Глаза Мансура сверкнули при этих словах – он дружески обратился к военному министру:
– Намерен ли ты сдержать свое слово, желаешь ли ты способствовать нашему делу? – спросил он.
– Я уже сказал тебе это!
– В твоей власти погубить султана и принца Юсуфа! В твоей власти низвергнуть их обоих!
Гуссейн Авни-паша, казалось, ужаснулся чудовищности этого плана.
– Государственная измена… – прошептал он.
Мансур дьявольски улыбнулся:
– Это пустой звук, подобные слова часто пугают нас. Пойми меня хорошенько, благородный паша, ни ты, ни я, ни мы все, наконец, низвергаем султана и принца – они сами погубят себя! Желание отмены древних законов приведет их к падению! Твое дело будет только подтолкнуть и поощрить их к этому государственному перевороту! Партия наша велика, она включает весь Стамбул и все государство – это партия принца Мурада, законного наследника престола! Спрашиваю только, желаешь ли ты тайно примкнуть к этой партии? В таком случае, ты должен пытаться поддержать и укрепить в султане его желание и привести к желанному и нужному результату!
– Я готов на это!
– Ты важен для султана, так как в твоем распоряжении войско, – продолжал Мансур. – Дай понять ему, что, действуя силою, он и принц скорее всего достигнут цели своих желаний!
– Да, да! Твоя правда! – воскликнул Гуссейн Авни-паша.
– Уверь султана, что войско безгранично предано ему и готово содействовать в перевороте, который должен отдать престол принцу Юсуфу. Это ободрит его и побудит к решительным действиям…
– Это будет предательство! – пробормотал паша.
– В твоей власти возвести на престол принца Юсуфа или…
– Ни за что! Никогда не бывать этому! – поспешил воскликнуть Гуссейн.

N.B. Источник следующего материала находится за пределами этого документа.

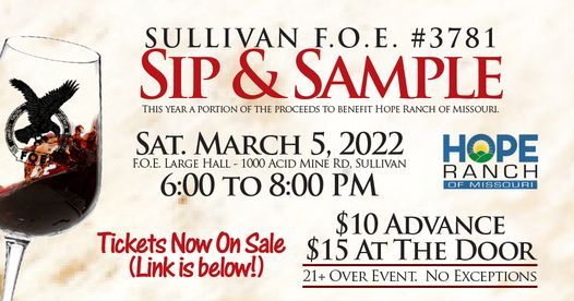 Join us for our 9th Annual Sip & Sample on March 5, 2022 6-8pm!Tickets: $10 Advance - $15 @ Door - available for purchase at FOE #3781 (1000 Acid Mine Rd, Sullivan, MO) or using ticket purchase link below

– Тогда прими во внимание мой совет – заставь султана поверить в успех насильственной меры, и он ухватится за нее, если ты только обнадежишь его в помощи войска! Больше тебе ничего не надо делать, благородный паша. Султан и принц Юсуф сами бросятся в пропасть – дело обойдется без нашей помощи!
– Пусть будет так! Я ваш! – отвечал военный министр, и этим словом была решена участь султана и Юсуфа. – Они падут, чего они вполне заслуживают, благородный паша!

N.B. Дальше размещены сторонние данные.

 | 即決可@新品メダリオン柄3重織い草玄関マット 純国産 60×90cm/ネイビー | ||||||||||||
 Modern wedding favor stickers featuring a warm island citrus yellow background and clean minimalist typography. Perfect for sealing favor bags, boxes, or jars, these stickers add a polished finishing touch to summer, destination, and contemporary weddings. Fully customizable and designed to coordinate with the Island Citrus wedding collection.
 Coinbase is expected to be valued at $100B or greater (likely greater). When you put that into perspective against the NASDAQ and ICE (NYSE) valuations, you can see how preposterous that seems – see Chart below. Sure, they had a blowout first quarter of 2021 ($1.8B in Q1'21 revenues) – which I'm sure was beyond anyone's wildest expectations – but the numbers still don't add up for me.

– В добрый час! – заключил Мансур этот тайный и столь обильный последствиями разговор; затем он вместе с военным министром вышел из залы совета и провел его через всю галерею до самого выхода.
Там они расстались.
Мансур-эфенди, торжествуя, вернулся в Башню мудрецов, а Гуссейн Авни-паша в своем экипаже поехал в город, который все еще утопал в море света, – уныние и бедствие толпы были заглушены блеском праздника.
Между тем Сади так сильно возвысился в милости не только у великого визиря, но и у султана, что уже причислялся к визирям, не нося еще в действительности этого титула. Сильное, непреодолимое желание подыматься все выше и выше при дворе наполняло его душу, и в сердце его не было другого стремления, как только сделаться необходимым султану.